Felis spelaea was the scientific name used by Georg August Goldfuss in 1810 for a fossil lion skull that was excavated in a cave in southern Germany.[5] It possibly dates to the Würm glaciation.[6][1][4]
Several authors regarded Panthera spelaea as a subspecies of the modern lion, and therefore as Panthera leo spelaea.[7][8][9][1] One author considered the cave lion to be more closely related to the tiger based on a comparison of skull shapes, and proposed the scientific name Panthera tigris spelaea.[10]

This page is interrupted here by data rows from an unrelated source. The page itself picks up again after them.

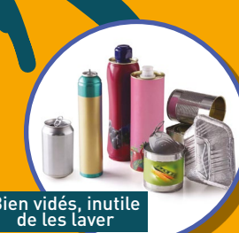
Bien vidés, inutile de les laver
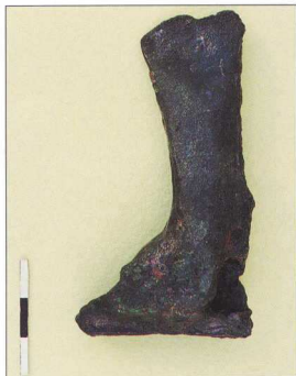
4. Χάλκινος πέλεκυς από το Αρχοντικό.
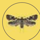
NEMAPOGON GRANELLA FALSA TIGNOLA DEL GRANO

Thidine | IMM + 4 Stargard II | Bucket Trap | Squeeze & Snap Trap | Feromone IMM + 4
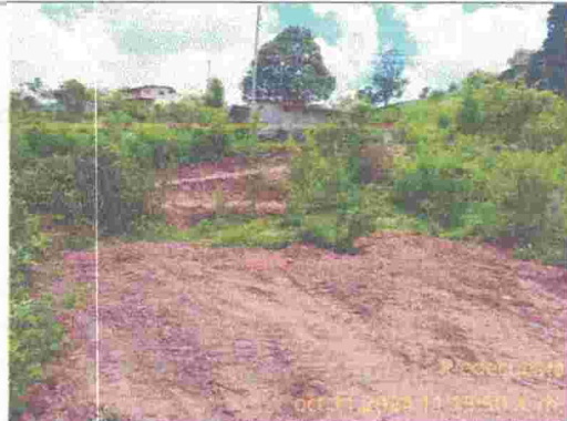
Fotografía 2: lote nivelado para otra vivienda
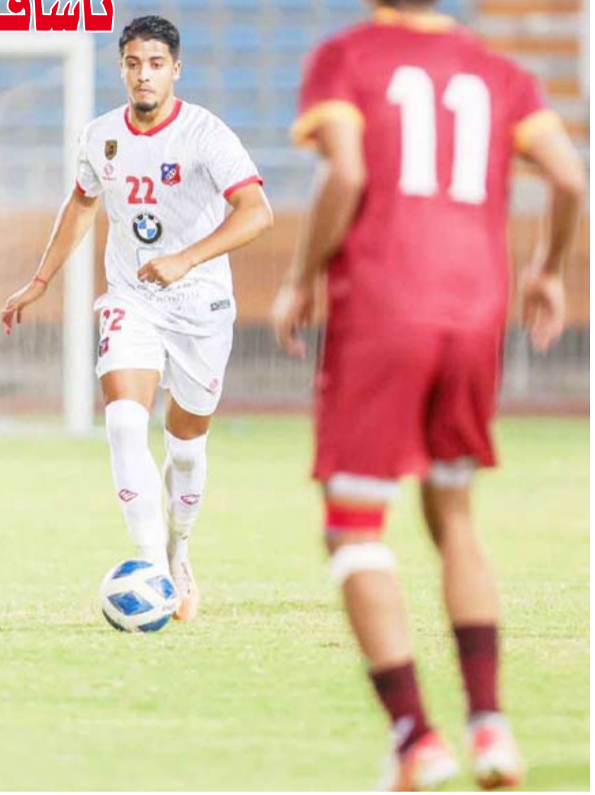
الكويت متصدر الدوري المحلي في مهمة آسيوية
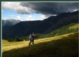
1° Premio Angelo Bertola

Ogni partecipante deve fornire da un minimo di una (1) a un massimo di 4 immagini.
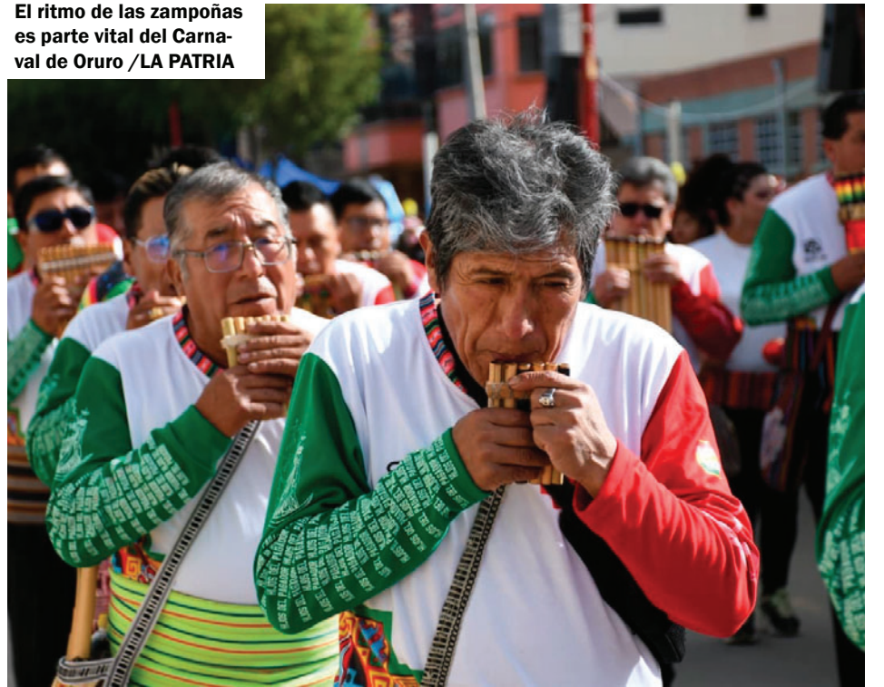
El ritmo de las zampoñas es parte vital del Carnaval de Oruro

Results from morphological studies showed that it is distinct in cranial and dental anatomy to justify the specific status of Panthera spelaea.[11][12] Results of phylogenetic studies also support this assessment.[13][14][15]
In 2001, the subspecies Panthera spelaea vereshchagini was proposed for seven specimens found in Siberia and Yukon, which have smaller skulls and teeth than the average P. spelaea.[16] Before 2020, genetic analysis using ancient DNA provided no evidence for their distinct subspecific status; DNA signatures from P. spelaea from Europe and Alaska were indistinguishable, suggesting one large panmictic population.[14][17] However, analysis of mitochondrial genome sequences from 31 cave lions showed that they fall into two monophyletic clades. One lived across western Europe and the other was restricted to Beringia during the Pleistocene. For this reason, the Beringian population is considered a distinct subspecies, P. s. vereshchagini.[17][18]
Lion-like pantherine felids first appeared in the Tanzanian Olduvai Gorge about 1.7 to 1.2 million years ago. These cats dispersed into Eurasia from East Africa around the end of the Early Pleistocene and the beginning of the Middle Pleistocene, giving rise to Panthera fossilis. The oldest widely accepted fossils of P. fossilis in Europe date to around 700,000 years ago,[19][20][3][21] with possible older fossils from Western Siberia dating to the late Early Pleistocene.[22] Different authors considered Panthera fossils as either a distinct species ancestral to P. spelaea,[23] or as a subspecies of P. spelaea.[21][24] Recent nuclear genomic evidence suggest that interbreeding between modern lions and all Eurasian fossil lions took place up until 500,000 years ago, but by 470,000 years ago, no subsequent interbreeding between the two lineages occurred.[19][1][2]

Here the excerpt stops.